В большой, обшитой деревянными панелями приемной яркий свет солнца смягчался, превращаясь в легкую, приятную дымку. Переступив порог, Эльюрик остановился и услышал, как дверь тихо закрылась за ним. Аббат Радульфус сидел за столом у распахнутого окна, держа в руках перо. Какое-то время он не поднимал глаз от того, что писал. Его орлиный профиль, вырисовывающийся против света, казался темным и спокойным, высокий лоб и впалые щеки были очерчены золотистым ободком. Эльюрик испытывал благоговейный трепет перед аббатом и все же с надеждой и благодарностью потянулся к исходившим от Радульфуса спокойствию и уверенности, столь далеким от того, что чувствовал он сам.
Аббат закончил фразу и положил перо на стоящий перед ним бронзовый лоток.
– Ну, сын мой? Я слушаю. – Он поднял глаза. – Если у тебя есть необходимость во мне, говори смело.
– Отец мой, – едва смог произнести Эльюрик. Его горло сжалось и пересохло, а голос звучал так слабо, что его с трудом можно было расслышать на другом конце комнаты. – Я в большой беде. Я даже не знаю, как рассказать о ней, не знаю, насколько это мой позор, а насколько моя вина. Видит Бог, я боролся, я постоянно молился, чтобы уберечься от зла. Я и проситель, и кающийся грешник, и все же я не согрешил и еще надеюсь, что милостью своей и пониманием ты спасешь меня от преступления.

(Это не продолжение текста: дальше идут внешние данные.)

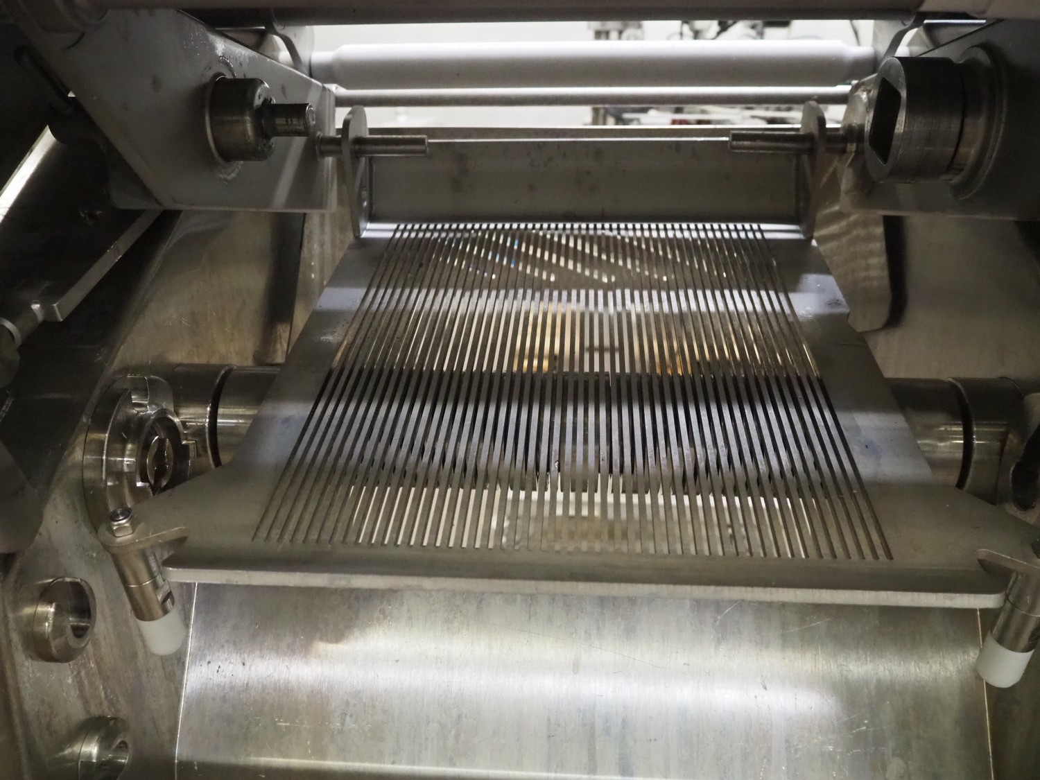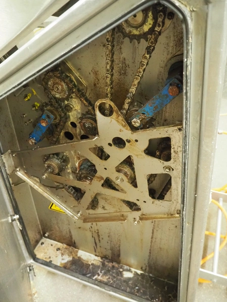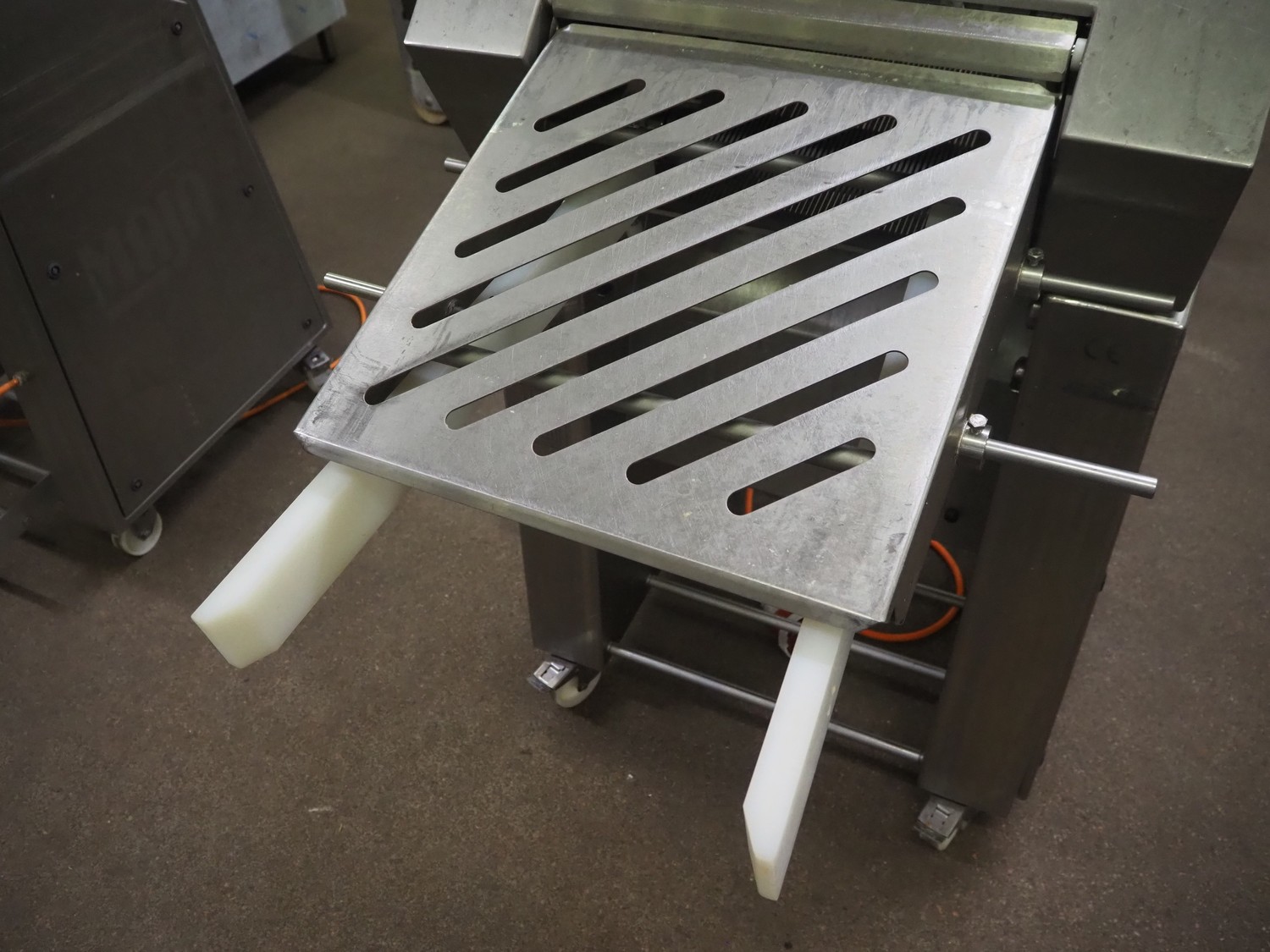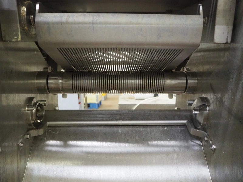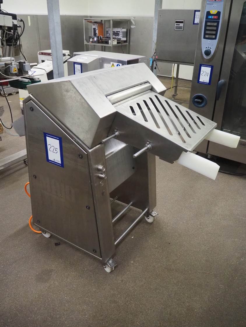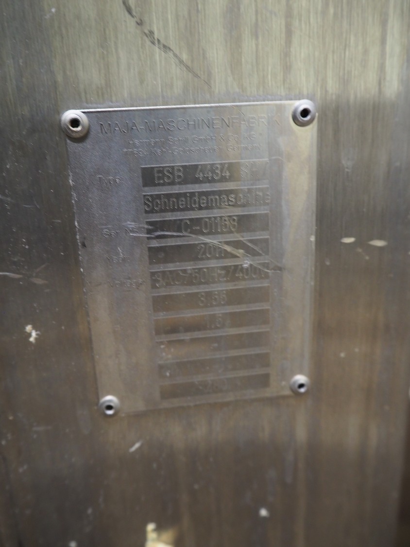 Maja Maschinenfabrik mobile strip cutter, type: ESB 4434 SH, serial number: C-01159, year of construction: 2011, 400 V, 3 Ph, 50 Hz, 3.55 A, 1.5 kW, working width: 440 mm, distance between knives: 0.5 mm, total dimensions: 1600 mm x 800 mm x 1300 mm. Incomplete, missing belts and knife.
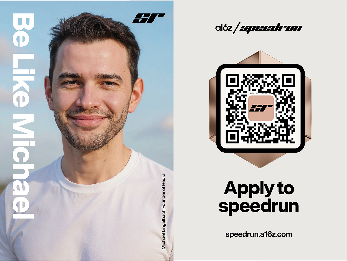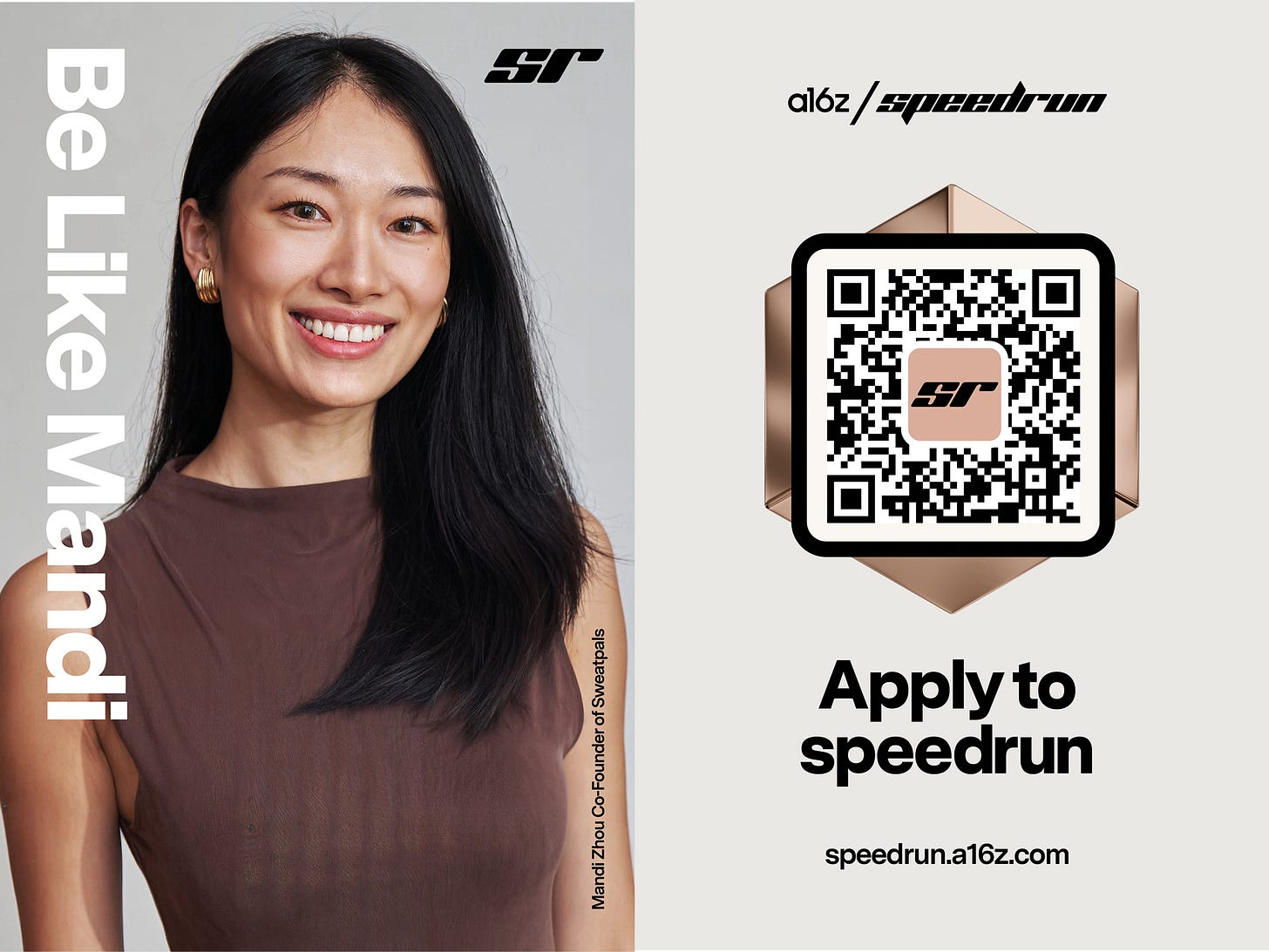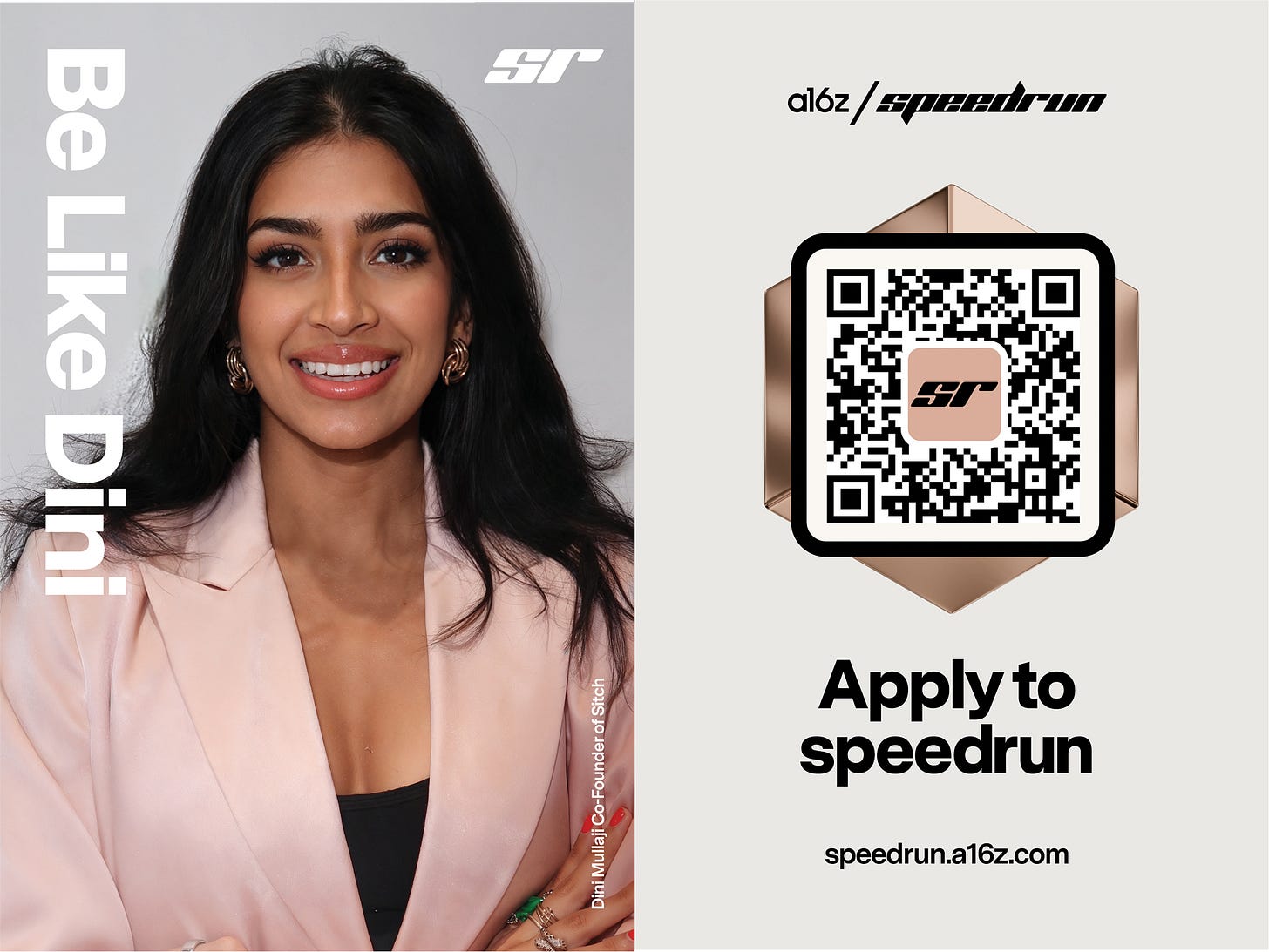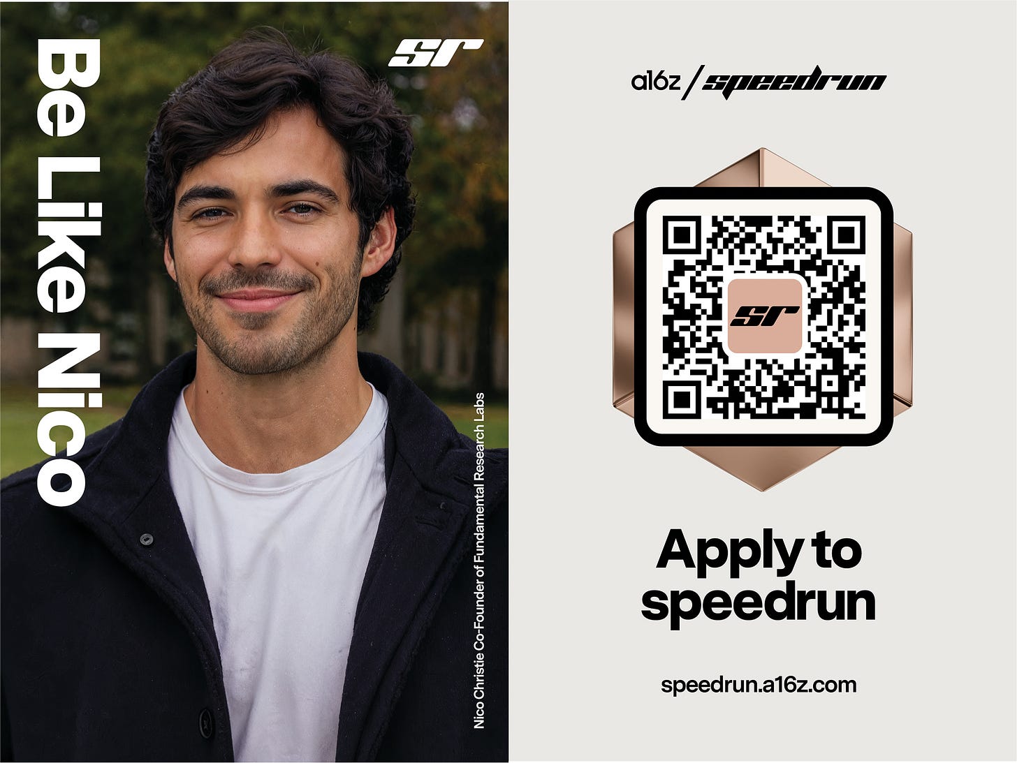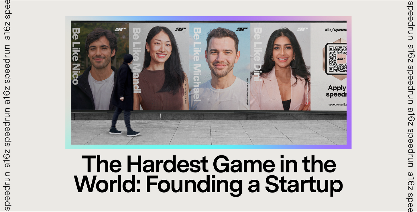 Echoing a famous ad campaign from decades past, the posters feature a call to “be like” four a16z speedrun alumni: Fundamental Research Labs’s Nico Christie, SweatPals’s Mandi Zhou, Hedra’s Michael Lingelbach, and Sitch’s Nandini Mullaji, each of whom has gone on to raise millions after graduating from SR.

Радульфус присмотрелся к Эльюрику внимательнее и увидел, какое сильное напряжение сковывает тело юноши, как он трепещет, словно натянутая тетива. Сверхчувствительный юноша, вечно мучимый угрызениями совести из-за проступков, которые часто были либо воображаемыми, либо столь простительными, что считать их грехом само по себе являлось преступлением, поскольку это значило идти против истины.
– Дитя мое, – промолвил аббат успокаивающим тоном, – насколько я тебя знаю, ты постоянно торопишься обвинить себя в тяжких грехах из-за всякой мелочи, которую разумный человек не счел бы достойной упоминания. Берегись впасть в гордыню! Ибо умеренность во всем не только ясный путь к совершенству, но самый верный и самый скромный. А теперь говори прямо, и давай вместе посмотрим, что можно сделать, чтобы покончить с твоей бедой. – И добавил, оживившись: – Подойди ближе! Я хочу видеть тебя хорошенько и слышать, что́ разумного ты скажешь.
Эльюрик, еле передвигая ноги, приблизился, облизал сухие губы и с такой силой сцепил перед собой дрожащие руки, что побелели костяшки пальцев.
– Отец мой, через восемь дней наступит день перенесения мощей святой Уинифред, и нужно отнести розу в уплату за дом в Форгейте… госпоже Перл, которая подарила его с таким условием… по договору…
– Да, – сказал Радульфус. – Я знаю. И что же?
– Отец мой, я пришел просить, чтобы меня освободили от этой обязанности. Трижды я относил розу, как сказано в договоре, и с каждым годом это все труднее для меня. Не посылайте меня снова! Снимите с меня это бремя, прежде чем я погибну! Это больше, чем я могу вынести! – Эльюрик сильно дрожал, ему было трудно говорить. Поток слов извергался из его уст какими-то болезненными толчками, словно струи крови из раны. – Отец мой, видеть ее, слышать ее – му́ка для меня. Быть с ней в одной комнате – смертельная боль. Я молился, я соблюдал пост, умолял Бога и святых освободить меня, но никакие молитвы, никакое умерщвление плоти не могут избавить меня от этой непрошеной любви.
После того как было произнесено последнее слово, аббат Радульфус некоторое время сидел молча, выражение его лица не изменилось, только в глубоко посаженных глазах блеснуло больше внимания.
– Любовь сама по себе не греховна, – осторожно промолвил он наконец. – Она не может быть грехом, хотя способна ввести в искушение. Было ли когда-нибудь сказано хоть одно слово об этой необычной привязанности между тобой и этой женщиной, был ли какой-нибудь жест или взгляд, который нарушил бы данный тобой обет или оскорбил ее достоинство?
– Нет! Нет, отец мой, никогда! Никогда ни одного слова, кроме слов учтивого приветствия, и прощания, и благословения, положенного такой благодетельнице. Ничего дурного не было ни сделано, ни сказано, преступно только мое сердце. Она ничего не знает о моих му́ках, она не думает и никогда не будет думать обо мне иначе, как только о посланце нашей обители. Сохрани Боже, чтобы она когда-нибудь узнала о моих страданиях, ведь она безупречно чиста. Не только ради моего блага, но и ради нее я умоляю освободить меня от необходимости снова видеть ее. Такая боль, какую я испытываю, может смутить ее и огорчить, даже если она не поймет, чем вызваны мои муки. Ни в коем случае я не хочу причинить ей горе.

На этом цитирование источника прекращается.